Laura, you're gorgeous hun, that colour real suits you and you should hold your head high and revel in your loveliness OK? No more 'U' words for you.

*hugs Mark and Oliver* sounds like you two are struggling huh, no great advice for you but I'm thinking about you both

Crimson! hi honey, well done with your work party, its a big deal having a nice time with a bunch of people around. You should be real proud of yourself *hugs*

*waves to Julie* nice to see you visiting here sweet

*wonders where Nicole is* must go see if I can find her

*cuddles Kahlia again* cos I see you and I can x

I have made it through a real crap day in one piece *cheers, and is very surprised* so off to bed now before anything changes.

Will check up on you all in the morning

loves and goodnight
JK
xx

Doikers 22-04-2010 11:24 AM

Quote:

*cuddles Oliver* Sorry it's not more. But I have read your post and wanted to let you know.
Also this^^

and Laura , you are very beautiful :)

*Group hugs*
I'm off to my parents today so I'll be less often on here for a few days , it's my brother in laws birthday , still can't quite grasp my little sis has a new surname ,(New marrige) it must be super weird for her lol . I was supposed to get married first , I'm older , ugh pet peeve , but I AM super happy for My sister and bro in law though . just a touch jealous :( I hate to admit that .

frenchhorn 22-04-2010 12:30 PM

*hugs Mark* thanks, hope you have agood timeat your parents.

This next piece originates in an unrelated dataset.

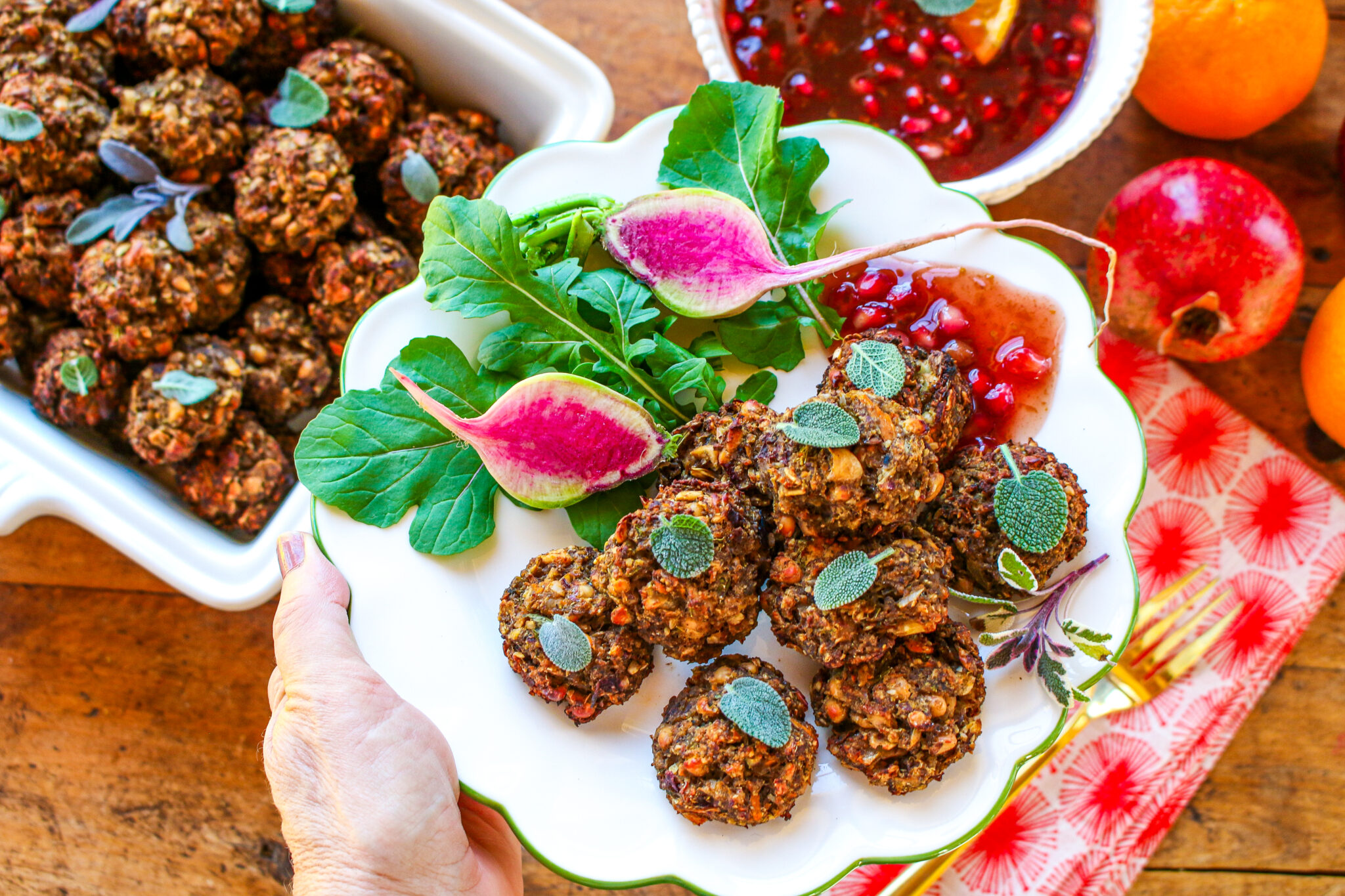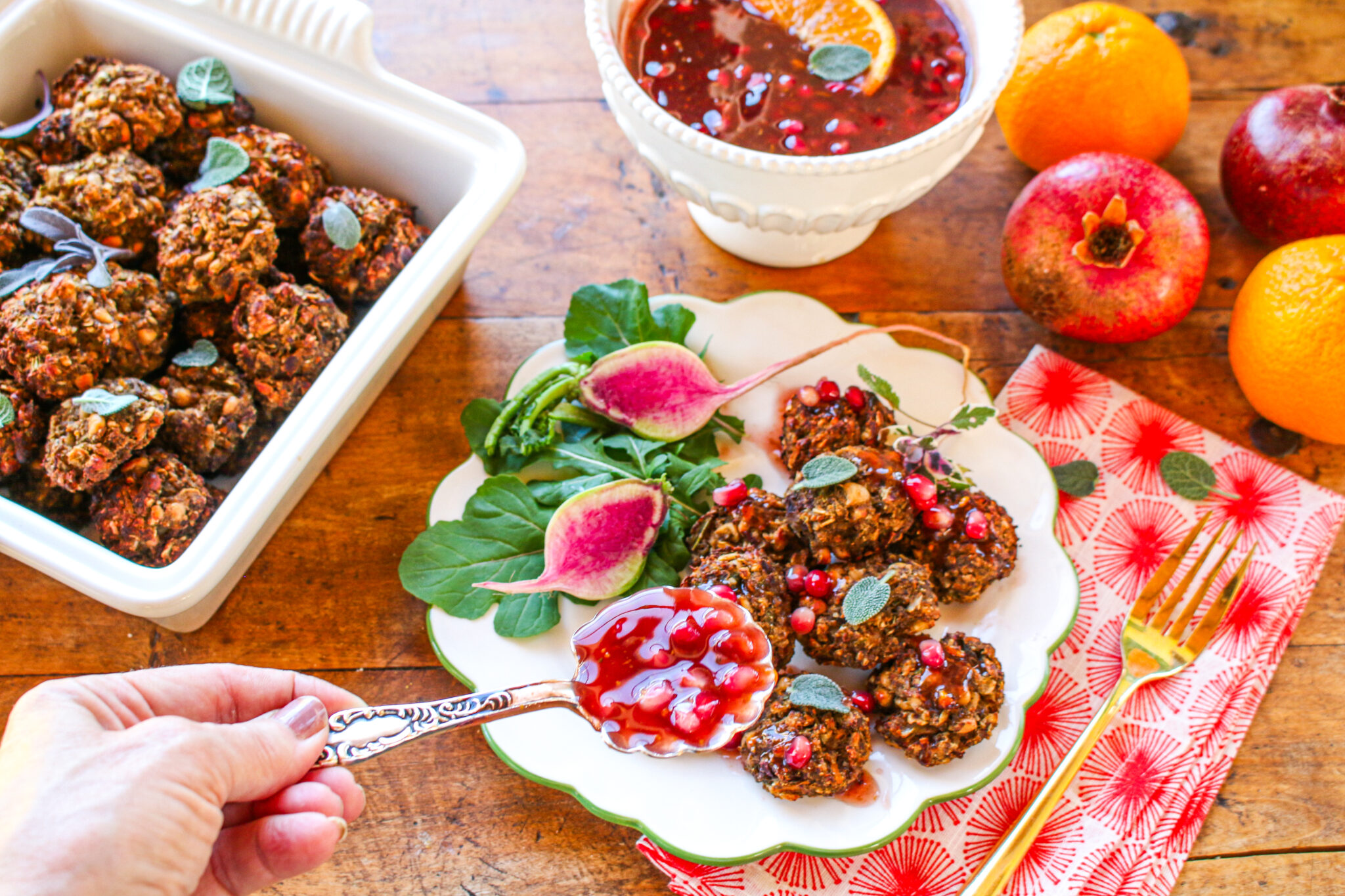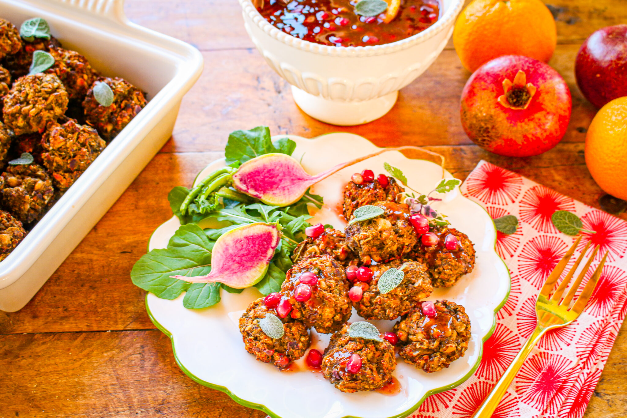 Sage White Bean Vegan Meatballs with Pomegranate Sauce (Festive Plant-Based Main Dish)

*hugs JK* hope you have a good sleep.

*hugs Julie* I havn't sadi hi yet, so hi I'm Oliver. *waves*

*I spy April*

*curls up in a corner crying and in pain*

xxjuliexx 22-04-2010 12:31 PM

1 Attachment(s)
oh hi oliver can i help u in anyway

flower?

Scarletdreamer 22-04-2010 12:37 PM

*cuddles all* Sorry I've been absent, yesterday was freaking long. :(

I forget who asked it (Hayley?) but yeah, I did consider that some of the other people who didn't eat a lot also have EDs, but one of them admitted to not eating breakfast on early morning class days (and he says that if he has breakfast it has to be hearty, no simple Clif bar or bagel for him!!) and the other said that she was sick on two of the days she did her food analysis. I just wish that we didn't HAVE to talk about kcal etc... it's still very triggering for me and since I'm eating a healthy amount now, and pigging out more on junk food on campus than I used to (will be so glad to be away from the snack machines!!)... I feel so awful because I AM eating too much. I won't post the number of kcal on here, obviously as that's against rules, but it was below the average number that you're "supposed" to eat and I'm supposed to be losing almost Xlbs a month... which isn't happening, damn it all. But anyway, /rant, sorry about that guys. :'(

Laura, hon, you're gorgeous!!! I wish I looked like you... :) Such a pretty smile, even if it is fake, and I love your hairstyle. It suits you as does the color of your top (as someone else said). *cuddles* How are YOU doing? and NO "fine" ... because I know that's not the truth!! (usually, anyway *mroe cuddles* You can be honest with us, we don't mind it one bit) ♥

Mark, I can (kinda) understand the whole "older should be married first" thing... my sister (who is 25) probably understands it better as she is the older one of us two and hasn't ever even had a boyfriend. I didn't have a boyfriend before I met my husband, and then we got married... :) But she's probably a little jealous - or at least, feels weird about me having a different last name. But anyway, I'm sorry that you feel that way. :( It's gotta be really tough. *cuddles*

Hels, how are you doing, love? ♥ *cuddles*

JK, how are you? Guess it's almost bedtime for you over there... or definitely bedtime, hmmm. Please take care of yourself!! *cuddles*

Crimson, well done on the whole staff appreciation party thingummy (:P). I'm proud of you, I really am, because I know how tough it is to go out there and "just be" without freaking out... plus the whole food thing!! How are you doing today??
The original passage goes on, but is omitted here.